*TASK OBJECTIVE*.
Starting at the line that contains "You won't get" and ending at the final line of the entries below, write out each line exactly as it appears, but omit the pictures.

*EXERCISE INPUTS*.
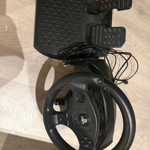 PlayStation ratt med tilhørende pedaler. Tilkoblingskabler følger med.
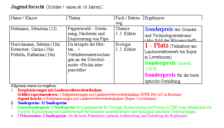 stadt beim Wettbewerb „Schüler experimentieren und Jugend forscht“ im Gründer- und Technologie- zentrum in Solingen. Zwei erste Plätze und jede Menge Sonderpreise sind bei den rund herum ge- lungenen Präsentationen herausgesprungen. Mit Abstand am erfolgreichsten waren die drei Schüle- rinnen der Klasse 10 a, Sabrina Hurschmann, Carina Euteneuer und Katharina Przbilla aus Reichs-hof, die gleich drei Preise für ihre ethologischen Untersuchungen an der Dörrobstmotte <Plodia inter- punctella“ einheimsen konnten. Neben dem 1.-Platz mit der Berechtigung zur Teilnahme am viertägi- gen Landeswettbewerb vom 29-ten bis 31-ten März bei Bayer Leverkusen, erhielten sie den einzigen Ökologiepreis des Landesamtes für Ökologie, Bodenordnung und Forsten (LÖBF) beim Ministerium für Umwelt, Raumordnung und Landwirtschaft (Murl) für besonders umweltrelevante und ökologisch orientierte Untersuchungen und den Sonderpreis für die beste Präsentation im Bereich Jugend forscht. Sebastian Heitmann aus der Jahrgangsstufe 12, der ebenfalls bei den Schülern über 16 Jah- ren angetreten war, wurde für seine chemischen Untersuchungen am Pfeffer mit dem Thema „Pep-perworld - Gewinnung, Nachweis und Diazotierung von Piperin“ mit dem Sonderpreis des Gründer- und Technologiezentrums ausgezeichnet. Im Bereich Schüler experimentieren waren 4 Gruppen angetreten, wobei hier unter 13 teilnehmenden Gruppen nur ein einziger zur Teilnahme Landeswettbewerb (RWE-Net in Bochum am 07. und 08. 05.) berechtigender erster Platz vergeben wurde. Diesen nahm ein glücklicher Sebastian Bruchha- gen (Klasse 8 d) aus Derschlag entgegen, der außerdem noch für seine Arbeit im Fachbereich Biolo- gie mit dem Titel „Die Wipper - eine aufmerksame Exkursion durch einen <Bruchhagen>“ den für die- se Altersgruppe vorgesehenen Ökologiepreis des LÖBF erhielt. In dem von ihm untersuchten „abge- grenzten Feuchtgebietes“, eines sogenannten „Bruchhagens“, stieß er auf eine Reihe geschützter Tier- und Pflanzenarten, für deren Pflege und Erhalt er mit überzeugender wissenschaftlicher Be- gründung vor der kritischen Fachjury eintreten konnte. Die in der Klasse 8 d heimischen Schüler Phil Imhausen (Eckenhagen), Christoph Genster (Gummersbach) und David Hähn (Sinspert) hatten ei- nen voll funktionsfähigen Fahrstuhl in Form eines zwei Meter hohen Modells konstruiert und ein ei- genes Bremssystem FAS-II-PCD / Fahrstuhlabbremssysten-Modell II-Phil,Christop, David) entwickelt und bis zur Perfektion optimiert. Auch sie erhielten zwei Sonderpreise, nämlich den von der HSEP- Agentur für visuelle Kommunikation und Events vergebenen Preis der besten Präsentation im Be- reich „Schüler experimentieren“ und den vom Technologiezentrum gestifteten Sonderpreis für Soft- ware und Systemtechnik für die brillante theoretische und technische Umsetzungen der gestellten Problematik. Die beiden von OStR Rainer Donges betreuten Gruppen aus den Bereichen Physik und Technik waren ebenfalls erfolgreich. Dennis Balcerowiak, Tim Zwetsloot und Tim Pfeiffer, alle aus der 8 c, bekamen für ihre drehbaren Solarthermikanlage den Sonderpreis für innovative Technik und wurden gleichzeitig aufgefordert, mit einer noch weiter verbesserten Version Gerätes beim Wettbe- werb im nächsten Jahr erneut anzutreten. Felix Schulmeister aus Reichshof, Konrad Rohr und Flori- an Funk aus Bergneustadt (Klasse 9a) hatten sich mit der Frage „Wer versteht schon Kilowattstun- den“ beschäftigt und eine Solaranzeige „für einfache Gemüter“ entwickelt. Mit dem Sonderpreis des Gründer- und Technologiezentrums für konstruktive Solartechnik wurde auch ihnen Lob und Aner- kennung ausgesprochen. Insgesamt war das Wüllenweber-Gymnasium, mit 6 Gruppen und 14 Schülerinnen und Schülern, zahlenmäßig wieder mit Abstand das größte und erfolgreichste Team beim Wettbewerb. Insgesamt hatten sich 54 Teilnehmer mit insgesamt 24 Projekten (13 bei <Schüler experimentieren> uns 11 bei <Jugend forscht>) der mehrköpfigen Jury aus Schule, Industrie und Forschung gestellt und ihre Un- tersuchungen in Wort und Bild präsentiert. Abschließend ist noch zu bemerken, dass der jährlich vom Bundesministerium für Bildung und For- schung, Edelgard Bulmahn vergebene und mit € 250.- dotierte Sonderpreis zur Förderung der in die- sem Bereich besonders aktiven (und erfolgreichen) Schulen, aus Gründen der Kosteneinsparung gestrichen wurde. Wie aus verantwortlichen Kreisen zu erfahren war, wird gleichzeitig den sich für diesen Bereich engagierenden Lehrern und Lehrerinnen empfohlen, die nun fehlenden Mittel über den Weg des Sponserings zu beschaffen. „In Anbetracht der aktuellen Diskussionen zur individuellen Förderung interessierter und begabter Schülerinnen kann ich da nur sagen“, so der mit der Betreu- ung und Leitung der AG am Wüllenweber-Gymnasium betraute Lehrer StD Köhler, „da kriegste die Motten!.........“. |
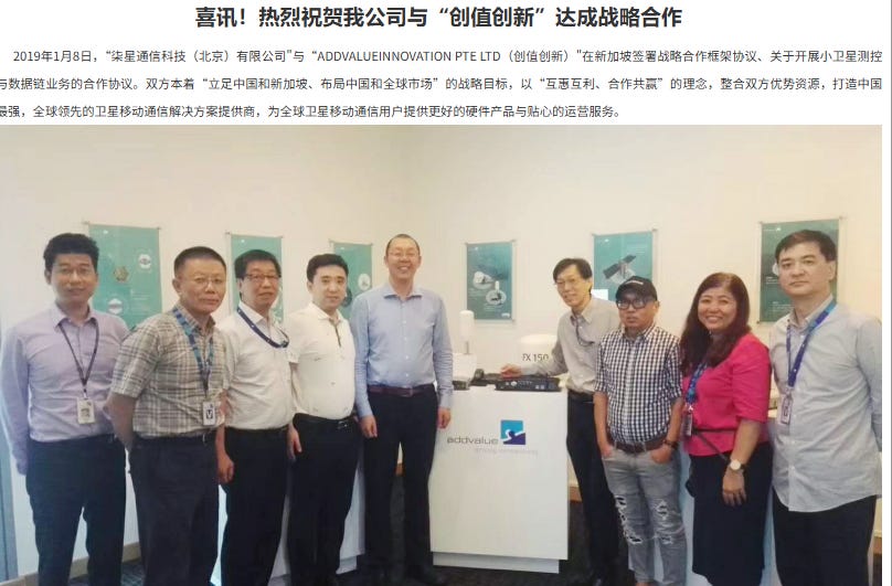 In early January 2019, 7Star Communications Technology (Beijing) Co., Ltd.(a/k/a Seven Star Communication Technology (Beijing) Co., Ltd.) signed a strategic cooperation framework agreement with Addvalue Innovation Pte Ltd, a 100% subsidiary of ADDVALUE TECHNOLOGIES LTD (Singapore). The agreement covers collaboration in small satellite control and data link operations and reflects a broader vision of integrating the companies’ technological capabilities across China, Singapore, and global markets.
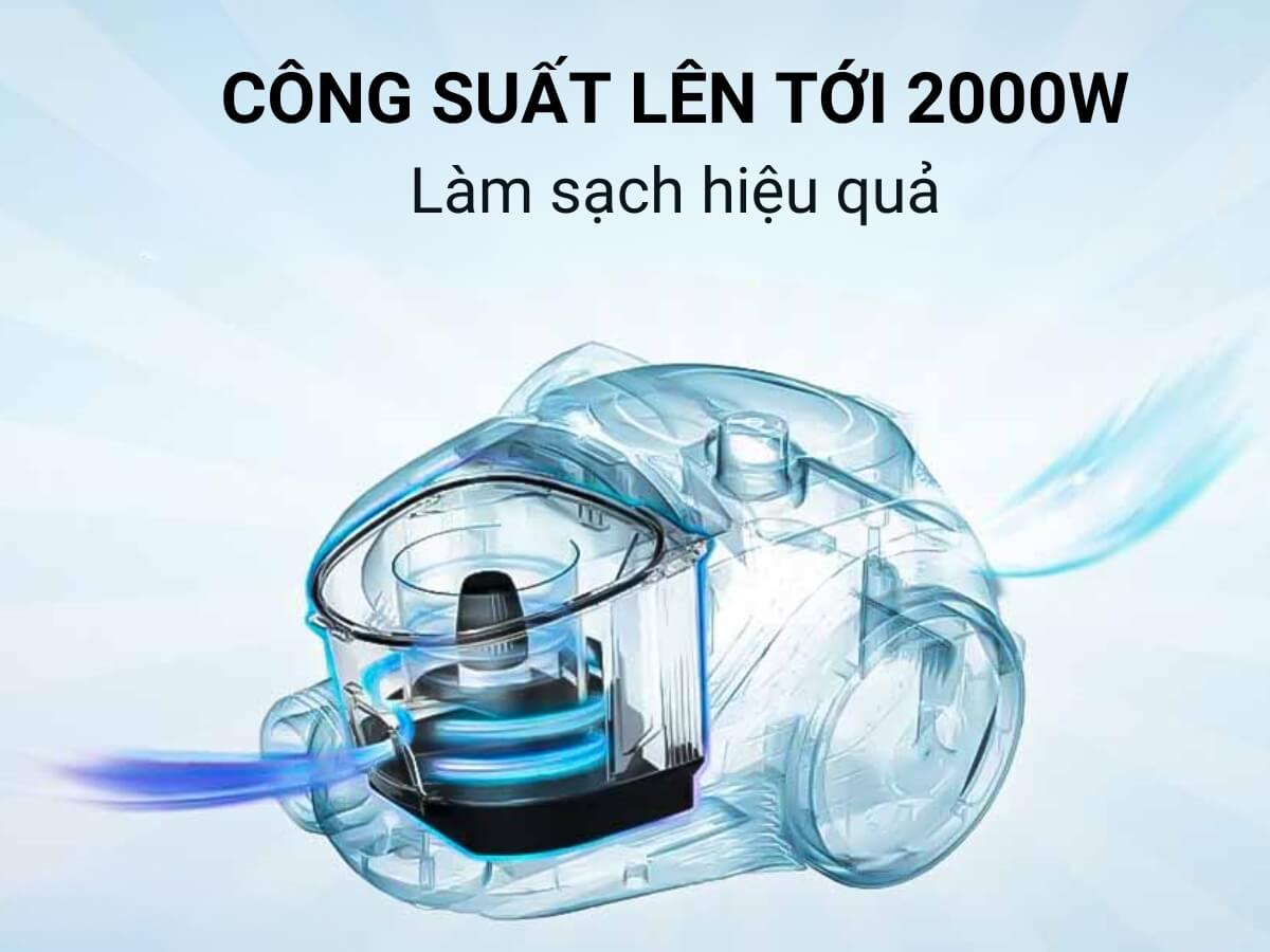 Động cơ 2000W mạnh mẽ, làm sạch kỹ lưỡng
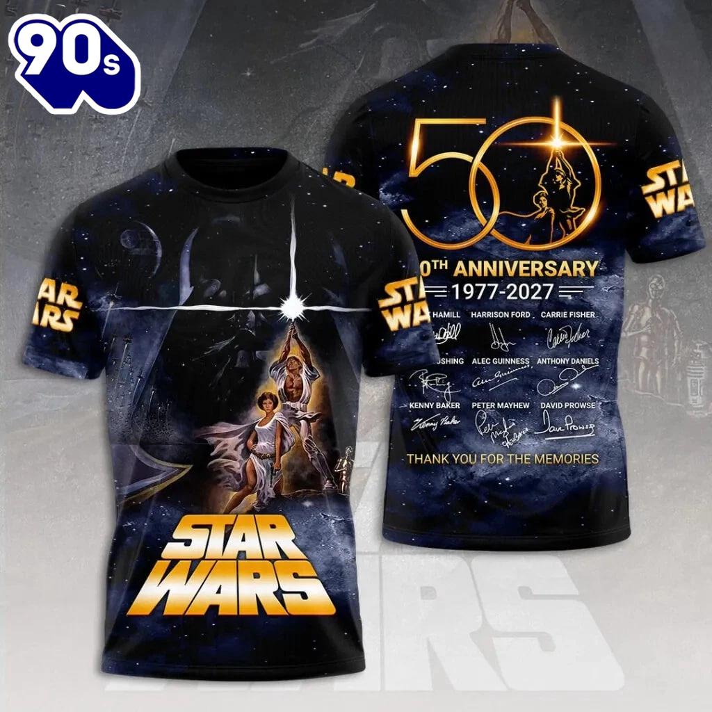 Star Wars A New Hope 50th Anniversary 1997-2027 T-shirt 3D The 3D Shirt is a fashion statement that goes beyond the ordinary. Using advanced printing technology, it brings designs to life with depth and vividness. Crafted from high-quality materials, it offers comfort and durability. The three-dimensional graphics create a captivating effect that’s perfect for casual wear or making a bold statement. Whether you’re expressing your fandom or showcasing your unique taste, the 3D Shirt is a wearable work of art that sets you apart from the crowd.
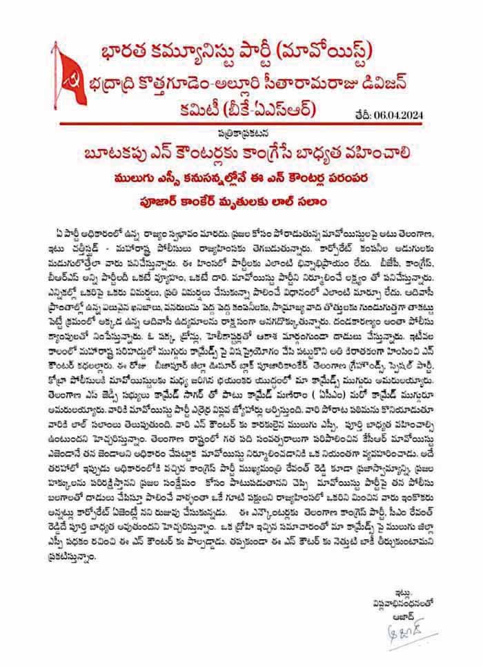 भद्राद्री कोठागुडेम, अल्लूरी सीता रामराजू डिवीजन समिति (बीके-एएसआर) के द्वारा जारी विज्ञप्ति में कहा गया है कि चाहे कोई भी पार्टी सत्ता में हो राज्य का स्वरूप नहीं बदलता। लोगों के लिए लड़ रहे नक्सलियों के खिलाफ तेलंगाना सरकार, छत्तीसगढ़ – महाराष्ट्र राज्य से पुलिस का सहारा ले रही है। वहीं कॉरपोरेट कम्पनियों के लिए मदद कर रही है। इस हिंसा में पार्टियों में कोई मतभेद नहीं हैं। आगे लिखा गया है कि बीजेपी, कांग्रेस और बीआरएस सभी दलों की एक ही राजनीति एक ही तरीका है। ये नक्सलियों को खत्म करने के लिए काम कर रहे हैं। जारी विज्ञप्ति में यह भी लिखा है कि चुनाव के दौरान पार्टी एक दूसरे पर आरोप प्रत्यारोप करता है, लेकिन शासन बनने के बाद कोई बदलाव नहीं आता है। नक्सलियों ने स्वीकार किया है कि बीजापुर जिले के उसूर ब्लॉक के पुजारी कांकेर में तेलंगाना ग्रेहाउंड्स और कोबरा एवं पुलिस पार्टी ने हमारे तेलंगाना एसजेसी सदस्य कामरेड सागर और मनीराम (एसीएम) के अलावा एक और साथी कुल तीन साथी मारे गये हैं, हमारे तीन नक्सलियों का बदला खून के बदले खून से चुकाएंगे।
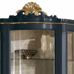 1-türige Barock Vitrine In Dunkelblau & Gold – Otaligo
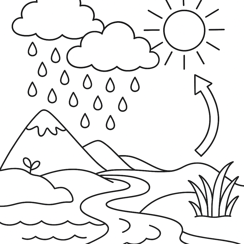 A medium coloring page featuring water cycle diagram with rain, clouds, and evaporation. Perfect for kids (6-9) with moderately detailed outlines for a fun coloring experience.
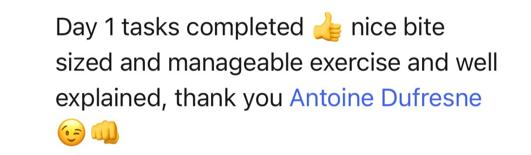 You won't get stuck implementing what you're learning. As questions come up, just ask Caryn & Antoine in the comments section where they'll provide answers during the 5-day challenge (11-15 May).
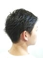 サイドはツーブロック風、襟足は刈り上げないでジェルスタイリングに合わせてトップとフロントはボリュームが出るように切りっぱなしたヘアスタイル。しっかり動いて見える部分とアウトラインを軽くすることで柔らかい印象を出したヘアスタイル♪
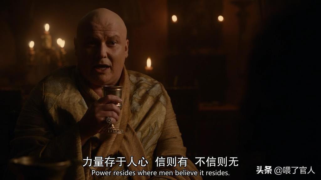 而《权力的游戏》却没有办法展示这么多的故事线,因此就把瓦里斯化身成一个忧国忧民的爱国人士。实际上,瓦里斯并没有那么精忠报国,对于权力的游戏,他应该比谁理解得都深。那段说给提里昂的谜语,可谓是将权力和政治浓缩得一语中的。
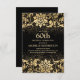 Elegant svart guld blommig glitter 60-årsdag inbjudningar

*SOLUTION TO THE PROBLEM*.
 You won't get stuck implementing what you're learning. As questions come up, just ask Caryn & Antoine in the comments section where they'll provide answers during the 5-day challenge (11-15 May).
 サイドはツーブロック風、襟足は刈り上げないでジェルスタイリングに合わせてトップとフロントはボリュームが出るように切りっぱなしたヘアスタイル。しっかり動いて見える部分とアウトラインを軽くすることで柔らかい印象を出したヘアスタイル♪
 而《权力的游戏》却没有办法展示这么多的故事线,因此就把瓦里斯化身成一个忧国忧民的爱国人士。实际上,瓦里斯并没有那么精忠报国,对于权力的游戏,他应该比谁理解得都深。那段说给提里昂的谜语,可谓是将权力和政治浓缩得一语中的。
 Elegant svart guld blommig glitter 60-årsdag inbjudningar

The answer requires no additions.